Framework for updating simulations on a cluster computing system
Source:R/update_sim_on_cluster.R
update_sim_on_cluster.Rd
This function allows for simulations to be updated in parallel
on a cluster computing system (CCS). See the Parallelization
vignette for a detailed overview of how CCS parallelization works in
SimEngine. Like run_on_cluster
, the
update_sim_on_cluster
function acts as a wrapper for the code in
your simulation, organizing the code into three sections, labeled "first"
(code that is run once at the start of the simulation), "main" (running
the simulation script repeatedly), and "last" (code to process or
summarize simulation results). This function is to be used in conjunction
with job scheduler software (e.g., Slurm or Oracle Grid Engine) to divide
the simulation into tasks that are run in parallel on the CCS.
Arguments
- first
Code to run at the start of a simulation. This should be a block of code enclosed by curly braces that reads in a previously-run simulation object via
readRDS
and makes changes to it viaset_levels
orset_config
.- main
Code that will run for every simulation replicate. This should be a block of code enclosed by curly braces , and will typically be a single line of code calling the
update_sim
) function. This code block will have access to the simulation object you created in the 'first' code block, but any changes made here to the simulation object will not be saved.- last
Code that will run after all simulation replicates have been run. This should be a block of code enclosed by curly braces that processes your simulation object (which at this point will contain your updated results), which may involve calls to
summarize
, creation of plots, and so on.- cluster_config
A list of configuration options. You must specify either
js
(the job scheduler you are using) ortid_var
(the name of the environment variable that your task ID is stored in); see examples. Runjs_support()
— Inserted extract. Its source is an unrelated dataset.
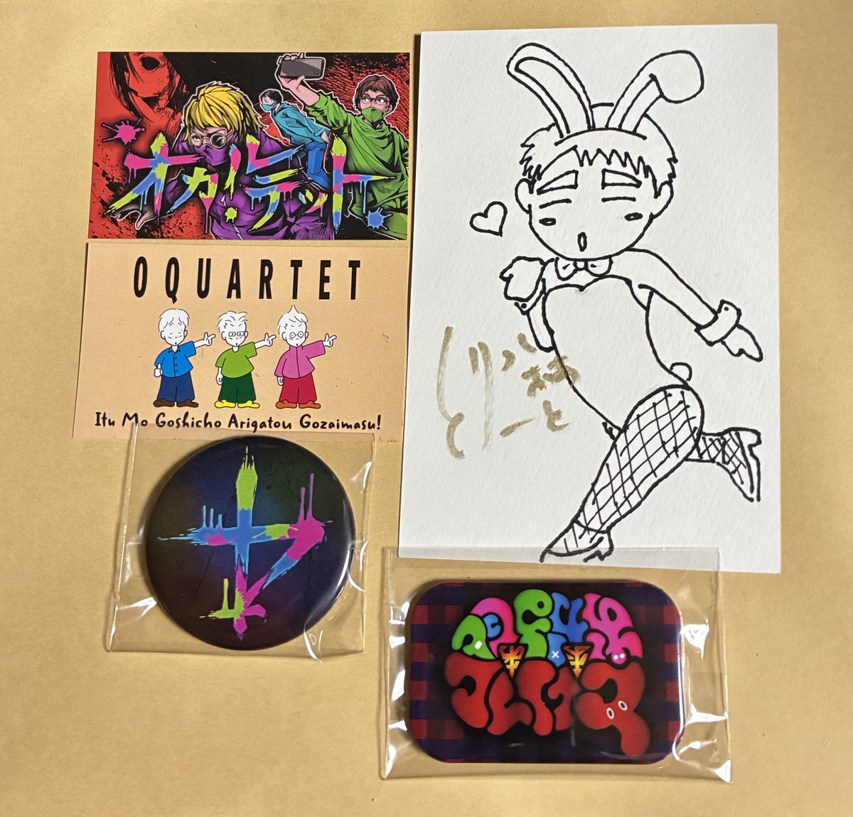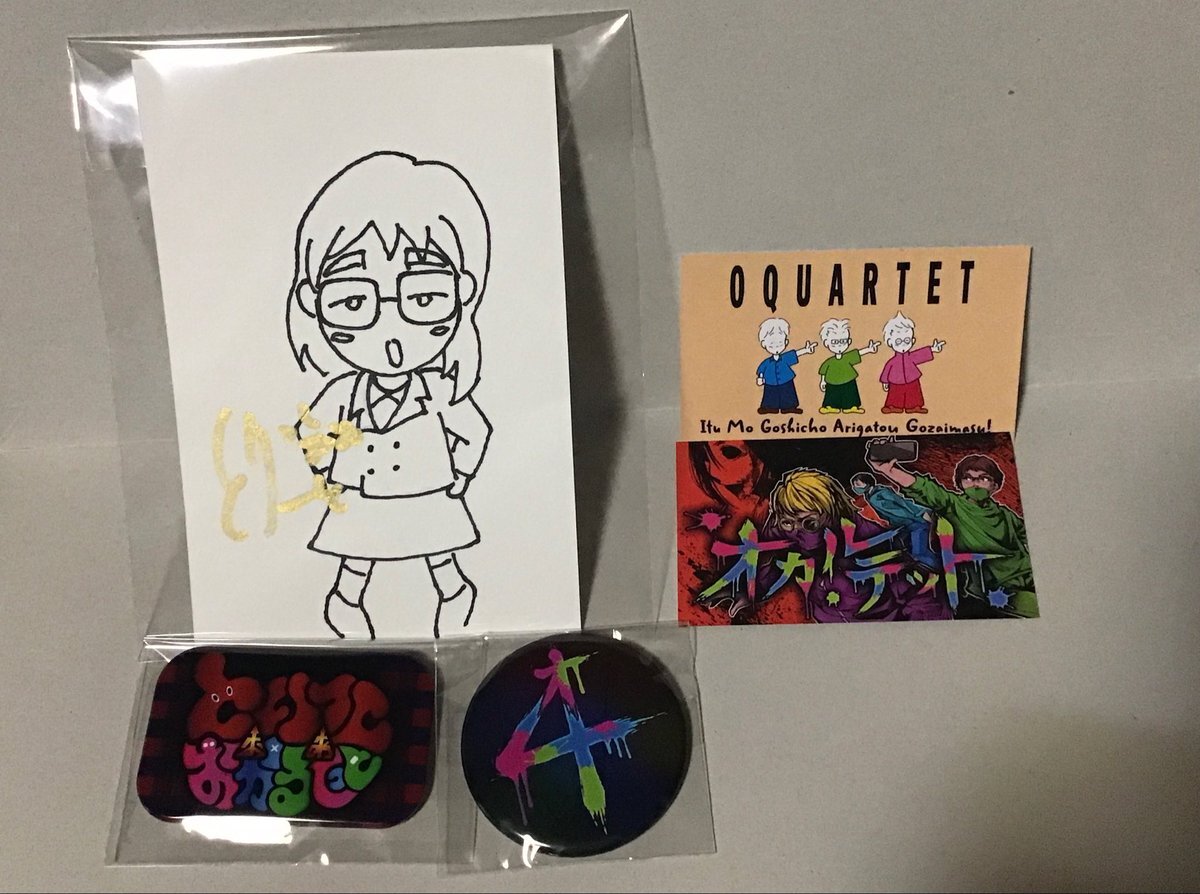 オカルテットさんからプレゼントが届きました🎁 とりっくおあとりーとさんとのコラボなので、とりっくおあとりーとさんの描かれたイラストも❣️ ありがとうございました🙏 #オカルテット #コーノ #ウエハラ #クボタ #とりっくおあとりーと pic.x.com/rAJUtGkRgb

to see a list of job schedulers that are currently supported. You can optionally also specifydir
, which is a character string representing a path to a directory on the CCS; this directory will serve as your working directory and hold your simulation object and all temporary objects created by SimEngine. If unspecified, this defaults to the working directory of the R script that contains your simulation code).- keep_errors
logical (
TRUE
by default); ifTRUE
, do not try to re-run simulation reps that results in errors previously; ifFALSE
, attempt to run those reps again
Examples
if (FALSE) { # \dontrun{
# The following code is saved in a file called my_simulation.R:
library(SimEngine)
update_sim_on_cluster(
first = {
sim <- readRDS("sim.rds")
sim %<>% set_levels(n=c(100,500,1000))
},
main = {
sim %<>% update_sim()
},
last = {
sim %>% summarize()
},
cluster_config = list(js="slurm")
)
# The following code is saved in a file called run_sim.sh:
# #!/bin/bash
# Rscript my_simulation.R
# The following lines of code are run on the CCS head node:
# sbatch --export=sim_run='first' run_sim.sh
# sbatch --export=sim_run='main' --array=1-20 --depend=afterok:101 run_sim.sh
# sbatch --export=sim_run='last' --depend=afterok:102 run_sim.sh
} # }